On Wed, Jul 09, 2008 at 05:35:46AM -0700, Jeff Johnson wrote:
>0) No one understands why --rsyncable is important, or why gzip != zlib,
>or why the "fuzzy" name patch in rsync would be a tremendous bandwidth
>saving for *.rpm packages. I've been tracking the issue for like 6+
>years,
>and what is fundamentally needed is a very clear demonstration,
>including
>publicized benchmarks and likely a drop-in "production" ready transport
>implementation, for any --rsyncable code to be worth the effort. JMHO
>based on 6+ years of explaining ...
I have done some comprehensive testing of rsyncable gzdio with respect
to rpm packaging. I posted them (in Russian) to our ALT Linux Team
development list. The upshot is that 1) it is known to work well,
which is at least no segfaults or corrupted data; 2) it does not
degrade compression rate, due to cpio hints (avg 0.09% compared
to avg 1% for patched zlib); 3) rsyncability effect can be worthwhile,
which is about 1/3 bandwidth saving on real data transfer.

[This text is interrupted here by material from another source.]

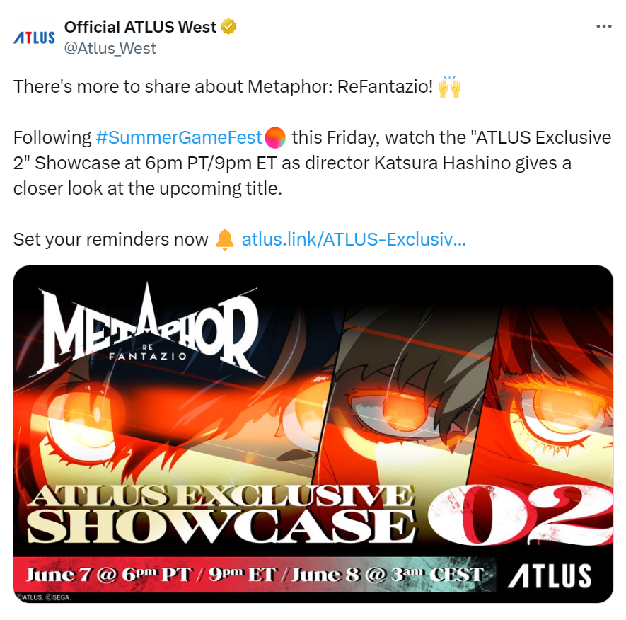 Early today, ATLUS announced there will be a Metaphor: ReFantazio presentation happening shortly after Summer Game Fest on Friday, June 7. You can find the information at this link, but below is a reproduction of the announcement.

Some details. I've tested rsyncability of our two directories:
/ALT/archive/Sisyphus/2008/03/01/files/x86_64/RPMS
/ALT/archive/Sisyphus/2008/04/01/files/x86_64/RPMS
(they are just what you may think.)
1) From these two directories, I select package tuples which have the
same %{NAME} (but file names %name-%version-%release.x86_64.rpm differ).
This means I test whether rsyncability is worthwhile for the packages that's
been updated within one month. This includes %version upgrades as well is
minor %release updates (something like representative data).
2) For each package in a tuple, I repackage its cpio archive
with rsyncable gzdio.
3) Small packages are excluded: repackaged cpio must be at least
32K each.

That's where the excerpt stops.